A number of studies presented at the meeting contained new insights into genomic features of metastatic breast cancer, providing further evidence that advanced cancers are biologically distinct from early-stage disease.

One study conducted whole-genome sequencing of tumor biopsies from 442 patients and found targetable alterations in 42 percent. Among these patients, 11 percent had high tumor mutational burden or microsatellite instability, making them candidates for checkpoint inhibitors; 13 percent had homologous recombination deficiency and could have received PARP inhibitors; and 24 percent had other mutations that could be addressed by targeted therapy. The analysis also showed that metastatic breast cancers tended to have driver mutations in certain genes more frequently than primary breast cancers, tended to have higher tumor mutational burden, and had differential mutational signatures. The researchers also identified GPS2 as a novel driver gene and found distinct mutational signatures in metastatic disease.

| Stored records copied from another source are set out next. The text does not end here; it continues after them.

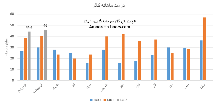 فروش نماد کاذر در عملکرد ماهانه اردیبهشت ماه سال 1401 برابر با 46 میلیارد تومان بوده، که در مقایسه با ماه گذشته و متوسط ماهانه به ترتیب از افزایش 4 و 15 درصدی همراه بوده است، محصول پر فروش و اصلی فرآورده های نسوز آذر محصولات شکل دار گزارش شده که در مقایسه با ماه گذشته از افزایش نرخ 26 درصدی برخوردار بوده است، همچنین محصولات بی شکل رشد 29 درصدی نرخ فروش را تجربه نموده است، تحلیل بنیادی کاذر نشان میدهد که طی عملکرد دو ماهه از سال مالی 15% بهبود عملکرد داشته و 22% از درآمد سال گذشته تحقق یافته است.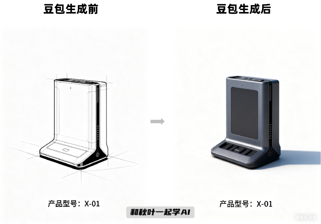 ❹线稿立体渲染:为产品线稿添加光影与材质,生成立体 C4D 风格渲染图,画面精致逼真。
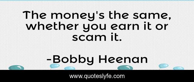 This page presents the quote "The money's the same, whether you earn it or scam it.". Author of this quote is Bobby Heenan. This quote is about earn, same,.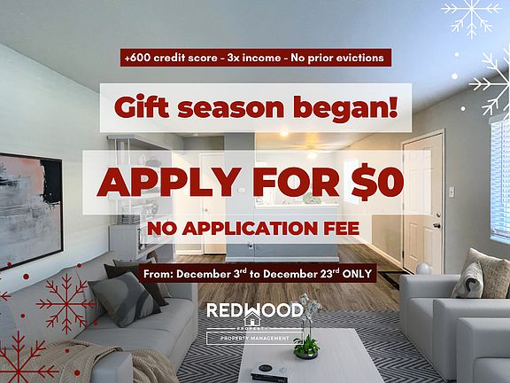 | GIFT SEASON IS HERE, $0 APPLICATION FEE IN ALL APARTMENTS |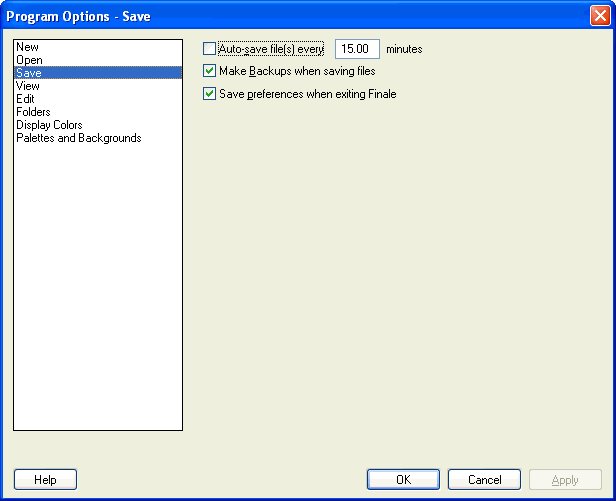 menu), Finale’s Auto Save command is a good safety net. When this feature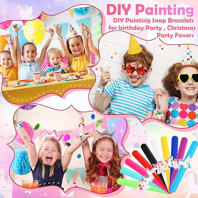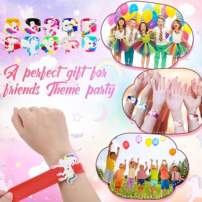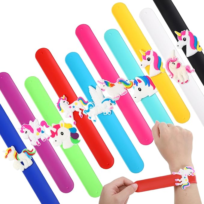 - Party Favors: these unicorn bracelets are suitable for many occasions; Be it for unicorn themed parties, birthday gifts, game prizes, or as a reward for your child, these silicone slap bracelets are the suitable choice; Packaged perfectly with 10 Unicorn slap bracelet, bring a radiant smile to every little face with this exciting party favor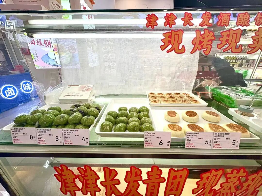 除了现包现蒸的新鲜青团,多家老字号还推出了礼盒装,为春日馈赠增添新意。杏花楼将经典豆沙、蛋黄肉松青团装入礼盒,搭配麦香龙井茶味新品,兼顾传统与创新;泰康主推传统豆沙款青团;津津长发汇集多款经典口味,还同步推出现烤酒酿饼,丰富时令选择。
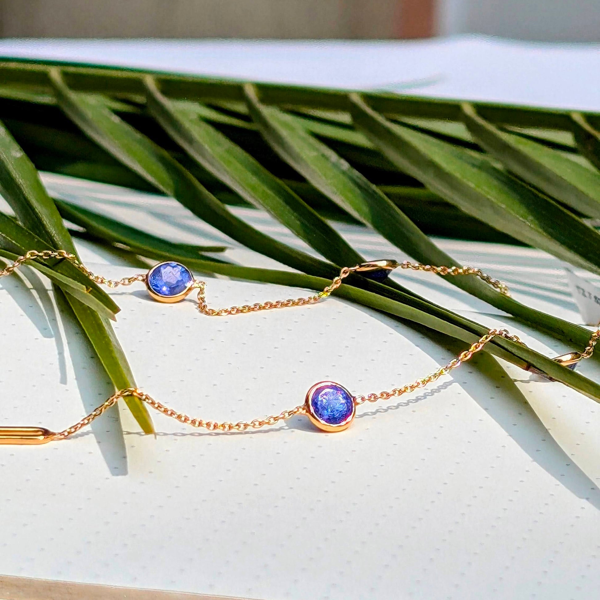 Crafted in solid 18K gold, this necklace celebrates the beauty of tanzanite through a composition of different cuts and shapes. Each stone—carefully chosen for its vivid violet-blue hue and brilliance—is placed along the chain in a rhythm that feels organic yet refined. The varying silhouettes add intrigue and dimension, allowing the necklace to shimmer from every angle.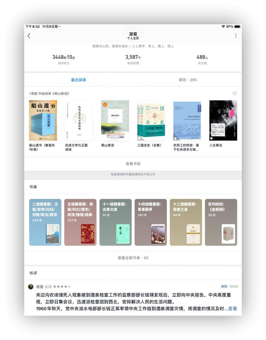 有些同学读书自律性相对差一点,希望能有个读书组织,起到相互督促的作用。「读书小组」就可以创建或加入一个组织,在组织内,可以看到小组每月的读书排名情况,排名数据每月第一天会重置。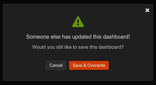 Grafana v2.0 protects Users from accidentally overwriting each others Dashboard changes. Similar protections are in place if you try to create a new Dashboard with the same name as an existing one.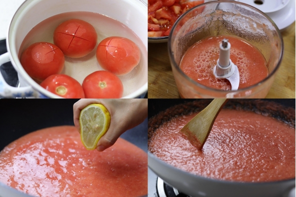 番茄除了生吃和常见做法外,也可以自己在家做成番茄罐头或是番茄酱慢慢吃,平时做菜、做披萨、配面包等都可以。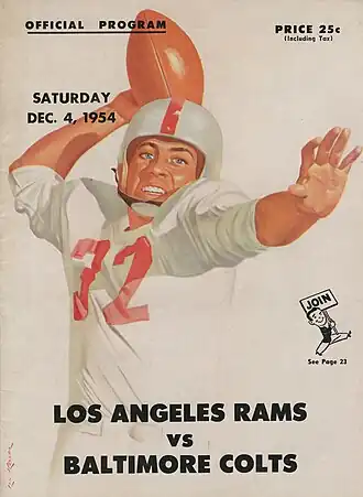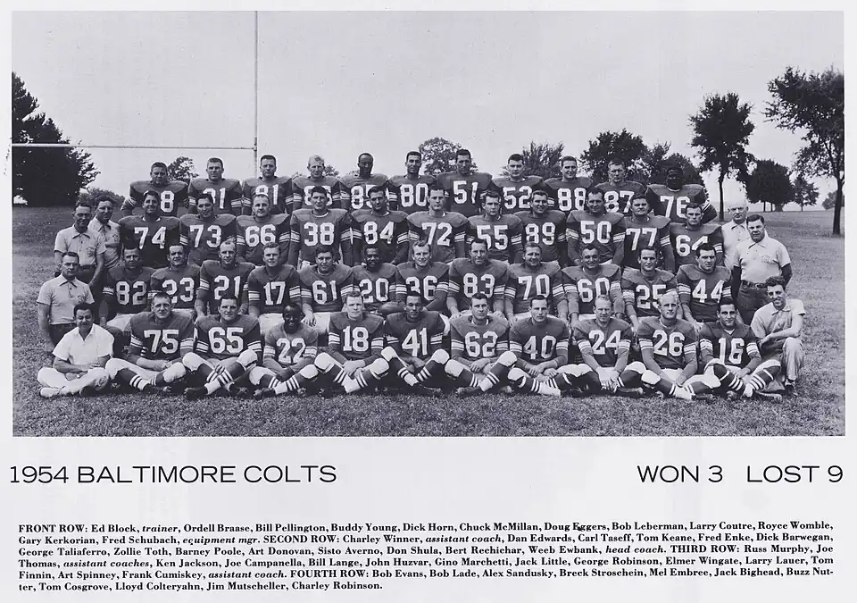 2. ^ Walter Taylor, "Colt Shifts Hinted After Rout by Rams," Baltimore Evening Sun, Sept. 27, 1954, p. 23.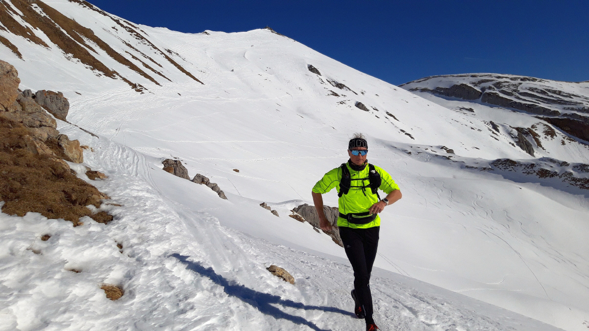 Mangels einer Plastiktüte (an was man nicht alles denken muss, beim Wintertrailrunning!), rutsche ich auf dem Allerwertesten ca. 50hm den Hang hinunter und hoffe, keine Lawine auszulösen, und weiß jetzt, woher der Begriff arschkalt kommt. Alles nass, bis auf die Haut, und dazu vom Regen in die Traufe gekommen, da es unten noch schwierigere Verhältnisse hat.

Another group of researchers also looked at DNA from tumors and blood of around 630 metastatic breast cancer patients and conducted whole-genome sequencing. The study showed that when tumors metastasize, they evolve and acquire new genomic alterations. 

The evaluation revealed 10 driver alterations that are enriched in hormone receptor-positive, HER2-negative metastatic breast cancer. There were three genomic signatures that were also enriched in this population that were associated with very poor outcome. Among metastatic triple-negative breast cancer patients, there was a subset with somatic biallelic loss-of-function mutations in hormone receptor pathway genes. Overall, metastatic breast cancers were genomically more complex than early breast cancers, and among metastatic patients, there was inter-patient heterogeneity in clonal diversity and mutational burden.